[Collected data entries]
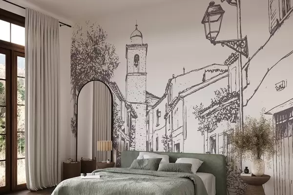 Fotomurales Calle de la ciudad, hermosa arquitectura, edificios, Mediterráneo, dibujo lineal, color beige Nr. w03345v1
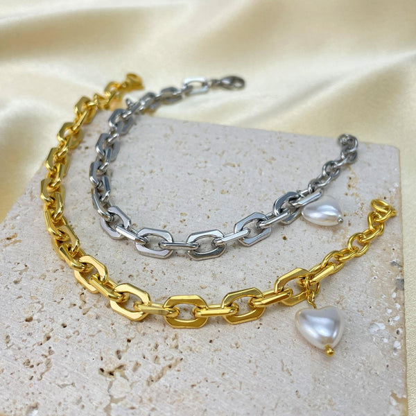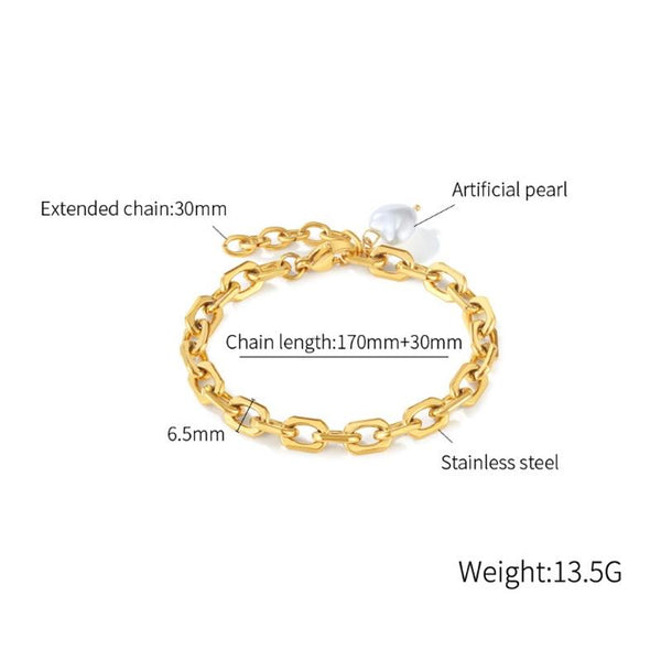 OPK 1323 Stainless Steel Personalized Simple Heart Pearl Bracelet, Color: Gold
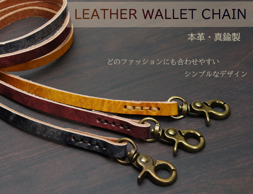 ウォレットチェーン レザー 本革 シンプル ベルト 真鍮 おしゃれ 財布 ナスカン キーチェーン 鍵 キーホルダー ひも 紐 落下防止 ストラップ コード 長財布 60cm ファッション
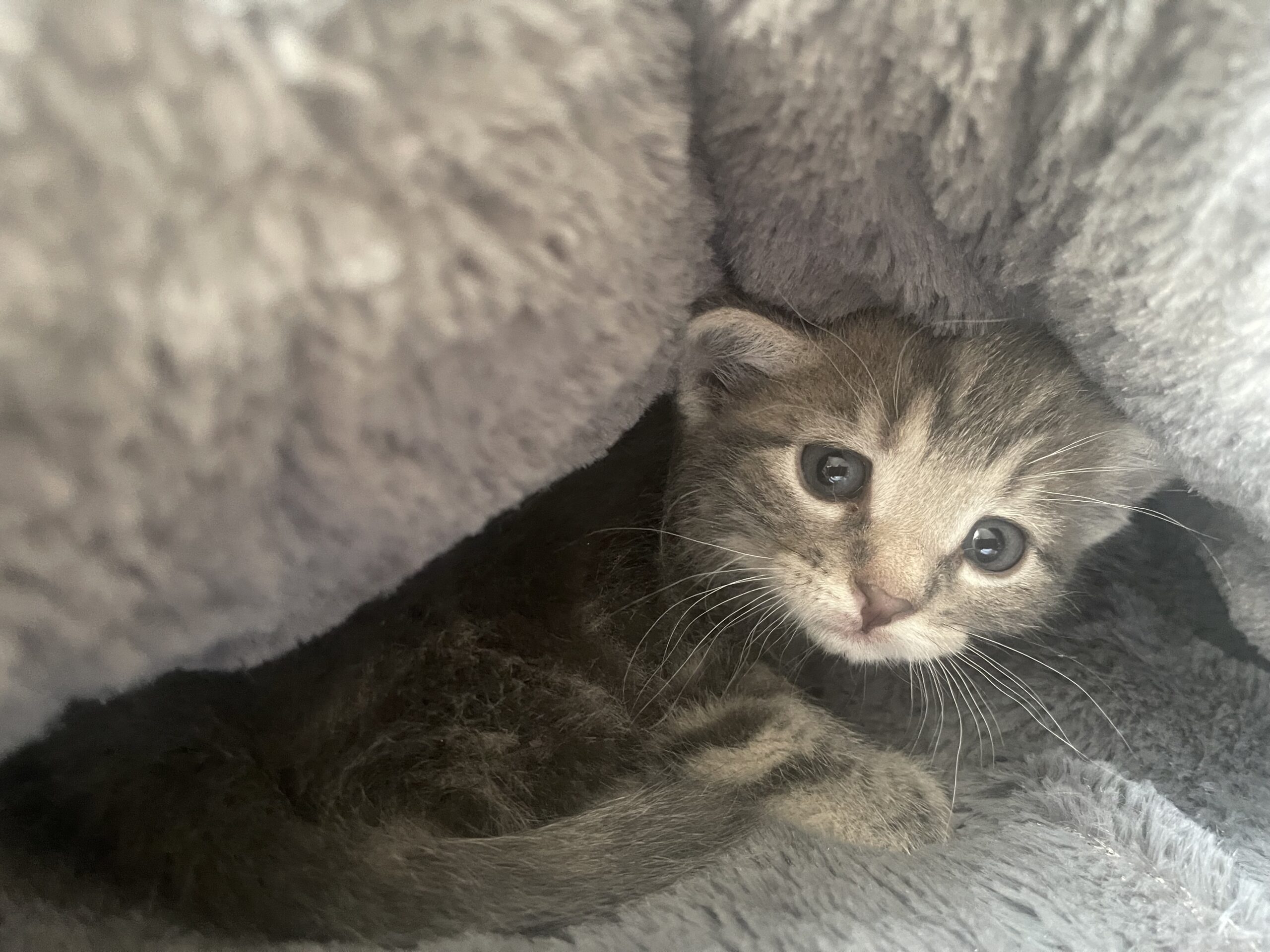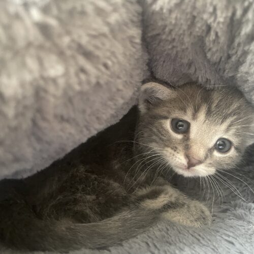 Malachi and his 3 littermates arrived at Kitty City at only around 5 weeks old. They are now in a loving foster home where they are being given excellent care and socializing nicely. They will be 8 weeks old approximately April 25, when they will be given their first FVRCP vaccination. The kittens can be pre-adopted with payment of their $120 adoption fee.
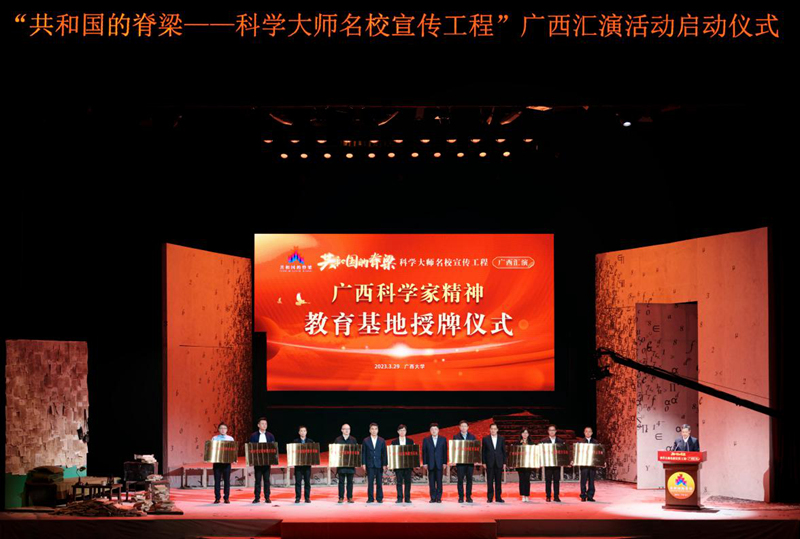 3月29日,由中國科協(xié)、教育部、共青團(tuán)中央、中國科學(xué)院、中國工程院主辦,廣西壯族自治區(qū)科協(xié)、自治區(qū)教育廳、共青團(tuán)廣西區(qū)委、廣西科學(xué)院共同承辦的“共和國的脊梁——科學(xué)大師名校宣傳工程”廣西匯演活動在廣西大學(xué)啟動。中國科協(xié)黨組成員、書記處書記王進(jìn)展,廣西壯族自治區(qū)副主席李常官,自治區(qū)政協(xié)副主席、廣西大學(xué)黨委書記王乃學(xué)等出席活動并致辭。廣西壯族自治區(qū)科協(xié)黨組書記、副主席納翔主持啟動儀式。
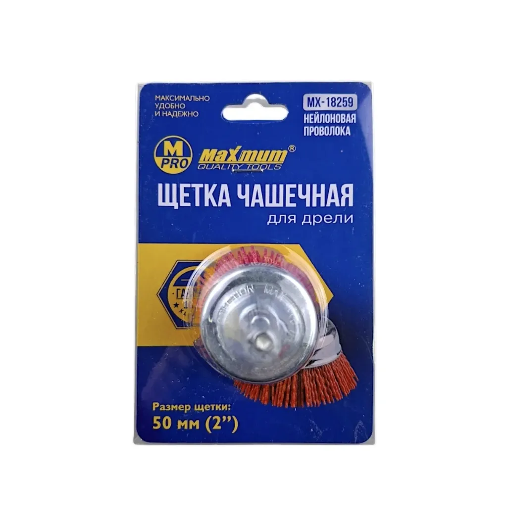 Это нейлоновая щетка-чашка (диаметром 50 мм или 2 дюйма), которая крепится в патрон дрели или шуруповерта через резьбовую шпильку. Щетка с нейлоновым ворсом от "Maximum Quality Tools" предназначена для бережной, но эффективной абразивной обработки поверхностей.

Description of the task: The lines to reproduce run from the line containing "ウォレットチェーン レザー 本革" through the last line of the records above, both included. Copy them exactly and drop the pictures.

Output below:
 ウォレットチェーン レザー 本革 シンプル ベルト 真鍮 おしゃれ 財布 ナスカン キーチェーン 鍵 キーホルダー ひも 紐 落下防止 ストラップ コード 長財布 60cm ファッション
 Malachi and his 3 littermates arrived at Kitty City at only around 5 weeks old. They are now in a loving foster home where they are being given excellent care and socializing nicely. They will be 8 weeks old approximately April 25, when they will be given their first FVRCP vaccination. The kittens can be pre-adopted with payment of their $120 adoption fee.
 3月29日,由中國科協(xié)、教育部、共青團(tuán)中央、中國科學(xué)院、中國工程院主辦,廣西壯族自治區(qū)科協(xié)、自治區(qū)教育廳、共青團(tuán)廣西區(qū)委、廣西科學(xué)院共同承辦的“共和國的脊梁——科學(xué)大師名校宣傳工程”廣西匯演活動在廣西大學(xué)啟動。中國科協(xié)黨組成員、書記處書記王進(jìn)展,廣西壯族自治區(qū)副主席李常官,自治區(qū)政協(xié)副主席、廣西大學(xué)黨委書記王乃學(xué)等出席活動并致辭。廣西壯族自治區(qū)科協(xié)黨組書記、副主席納翔主持啟動儀式。
 Это нейлоновая щетка-чашка (диаметром 50 мм или 2 дюйма), которая крепится в патрон дрели или шуруповерта через резьбовую шпильку. Щетка с нейлоновым ворсом от "Maximum Quality Tools" предназначена для бережной, но эффективной абразивной обработки поверхностей.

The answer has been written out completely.